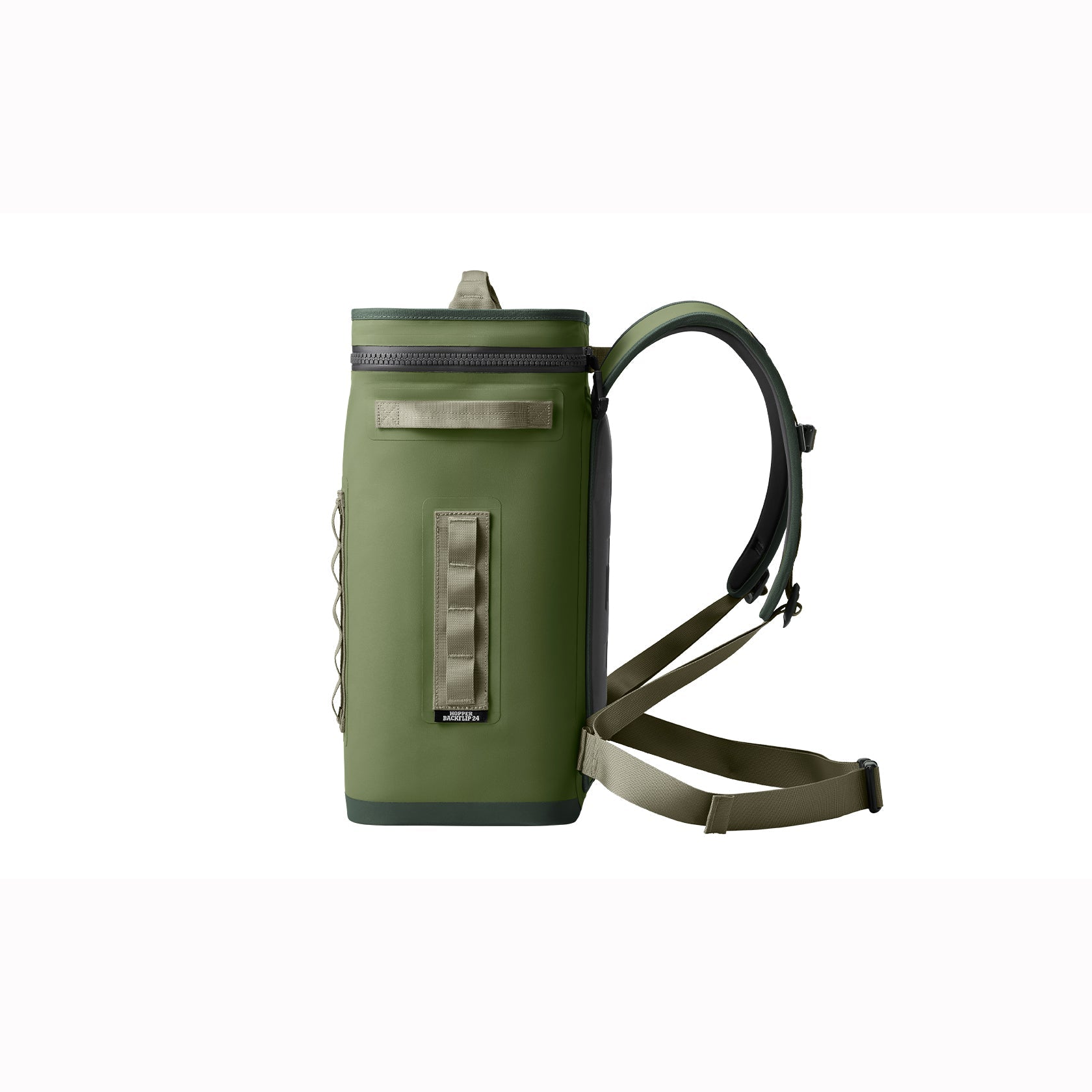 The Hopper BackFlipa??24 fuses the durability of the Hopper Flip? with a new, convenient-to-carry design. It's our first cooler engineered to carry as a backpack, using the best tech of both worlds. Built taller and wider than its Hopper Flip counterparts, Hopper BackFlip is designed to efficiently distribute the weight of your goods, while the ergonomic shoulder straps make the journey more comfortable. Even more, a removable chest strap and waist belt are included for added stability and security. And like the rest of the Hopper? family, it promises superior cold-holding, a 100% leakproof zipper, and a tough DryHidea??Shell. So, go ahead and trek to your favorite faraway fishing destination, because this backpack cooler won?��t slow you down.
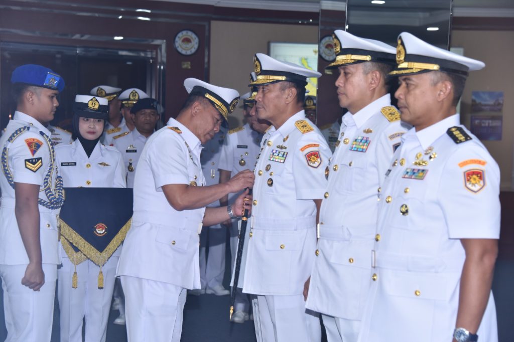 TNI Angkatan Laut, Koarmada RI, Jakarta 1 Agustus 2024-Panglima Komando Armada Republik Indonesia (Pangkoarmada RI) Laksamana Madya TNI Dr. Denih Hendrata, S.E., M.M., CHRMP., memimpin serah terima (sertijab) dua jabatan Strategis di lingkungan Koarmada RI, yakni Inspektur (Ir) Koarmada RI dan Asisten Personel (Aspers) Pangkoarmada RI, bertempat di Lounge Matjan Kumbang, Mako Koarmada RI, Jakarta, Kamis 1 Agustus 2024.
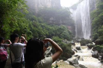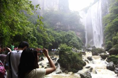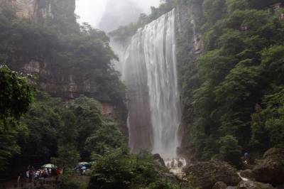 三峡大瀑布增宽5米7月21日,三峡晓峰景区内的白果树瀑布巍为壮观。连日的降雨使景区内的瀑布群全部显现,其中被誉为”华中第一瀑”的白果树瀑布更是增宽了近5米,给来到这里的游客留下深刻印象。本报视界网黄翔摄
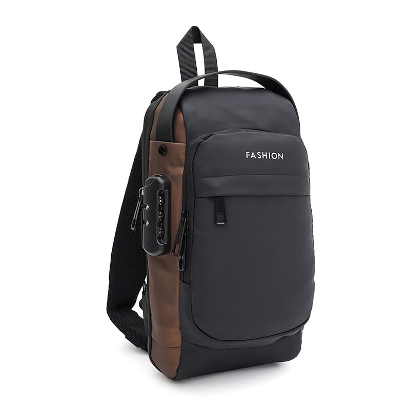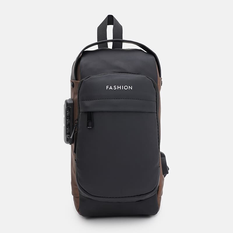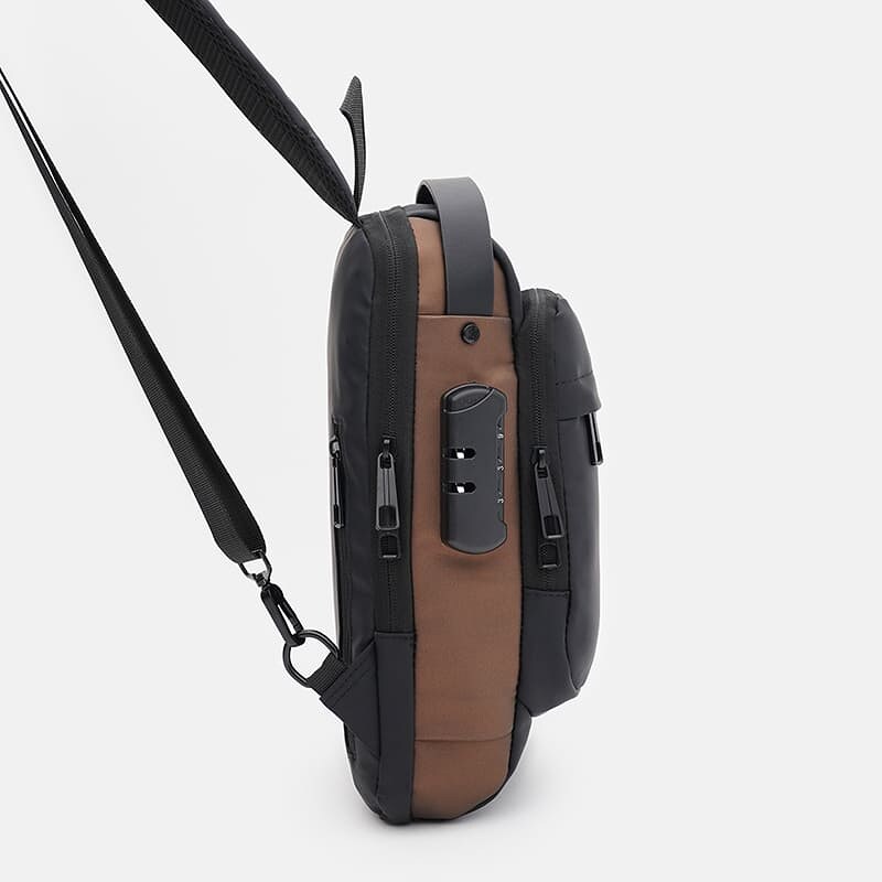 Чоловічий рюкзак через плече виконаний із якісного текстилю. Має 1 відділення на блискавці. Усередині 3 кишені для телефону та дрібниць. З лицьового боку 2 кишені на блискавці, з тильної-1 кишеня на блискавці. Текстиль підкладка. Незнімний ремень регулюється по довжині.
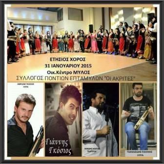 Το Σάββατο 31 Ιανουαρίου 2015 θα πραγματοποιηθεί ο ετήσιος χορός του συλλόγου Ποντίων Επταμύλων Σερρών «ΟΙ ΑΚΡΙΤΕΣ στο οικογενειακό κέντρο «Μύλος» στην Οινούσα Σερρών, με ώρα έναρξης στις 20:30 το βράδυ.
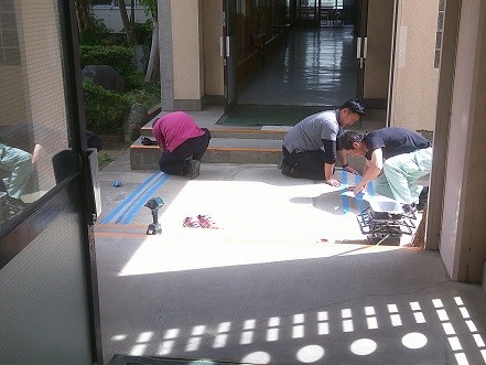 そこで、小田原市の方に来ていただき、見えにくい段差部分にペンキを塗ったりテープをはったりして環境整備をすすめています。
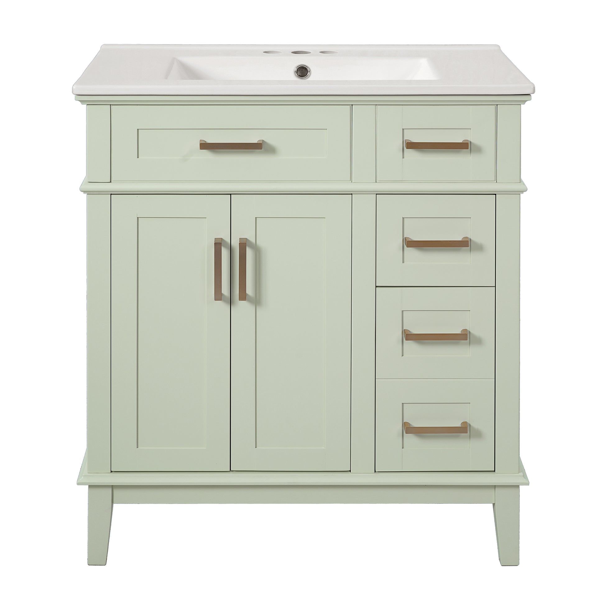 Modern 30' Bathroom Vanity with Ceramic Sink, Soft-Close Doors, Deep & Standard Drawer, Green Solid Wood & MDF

__________

--- WHAT THE EXERCISE ASKS ---
When you reach a picture, pass over it; write out all other material exactly.

--- YOUR SOLUTION ---
 The Hopper BackFlipa??24 fuses the durability of the Hopper Flip? with a new, convenient-to-carry design. It's our first cooler engineered to carry as a backpack, using the best tech of both worlds. Built taller and wider than its Hopper Flip counterparts, Hopper BackFlip is designed to efficiently distribute the weight of your goods, while the ergonomic shoulder straps make the journey more comfortable. Even more, a removable chest strap and waist belt are included for added stability and security. And like the rest of the Hopper? family, it promises superior cold-holding, a 100% leakproof zipper, and a tough DryHidea??Shell. So, go ahead and trek to your favorite faraway fishing destination, because this backpack cooler won?��t slow you down.
 TNI Angkatan Laut, Koarmada RI, Jakarta 1 Agustus 2024-Panglima Komando Armada Republik Indonesia (Pangkoarmada RI) Laksamana Madya TNI Dr. Denih Hendrata, S.E., M.M., CHRMP., memimpin serah terima (sertijab) dua jabatan Strategis di lingkungan Koarmada RI, yakni Inspektur (Ir) Koarmada RI dan Asisten Personel (Aspers) Pangkoarmada RI, bertempat di Lounge Matjan Kumbang, Mako Koarmada RI, Jakarta, Kamis 1 Agustus 2024.
 三峡大瀑布增宽5米7月21日,三峡晓峰景区内的白果树瀑布巍为壮观。连日的降雨使景区内的瀑布群全部显现,其中被誉为”华中第一瀑”的白果树瀑布更是增宽了近5米,给来到这里的游客留下深刻印象。本报视界网黄翔摄
 Чоловічий рюкзак через плече виконаний із якісного текстилю. Має 1 відділення на блискавці. Усередині 3 кишені для телефону та дрібниць. З лицьового боку 2 кишені на блискавці, з тильної-1 кишеня на блискавці. Текстиль підкладка. Незнімний ремень регулюється по довжині.
 Το Σάββατο 31 Ιανουαρίου 2015 θα πραγματοποιηθεί ο ετήσιος χορός του συλλόγου Ποντίων Επταμύλων Σερρών «ΟΙ ΑΚΡΙΤΕΣ στο οικογενειακό κέντρο «Μύλος» στην Οινούσα Σερρών, με ώρα έναρξης στις 20:30 το βράδυ.
 そこで、小田原市の方に来ていただき、見えにくい段差部分にペンキを塗ったりテープをはったりして環境整備をすすめています。
 Modern 30' Bathroom Vanity with Ceramic Sink, Soft-Close Doors, Deep & Standard Drawer, Green Solid Wood & MDF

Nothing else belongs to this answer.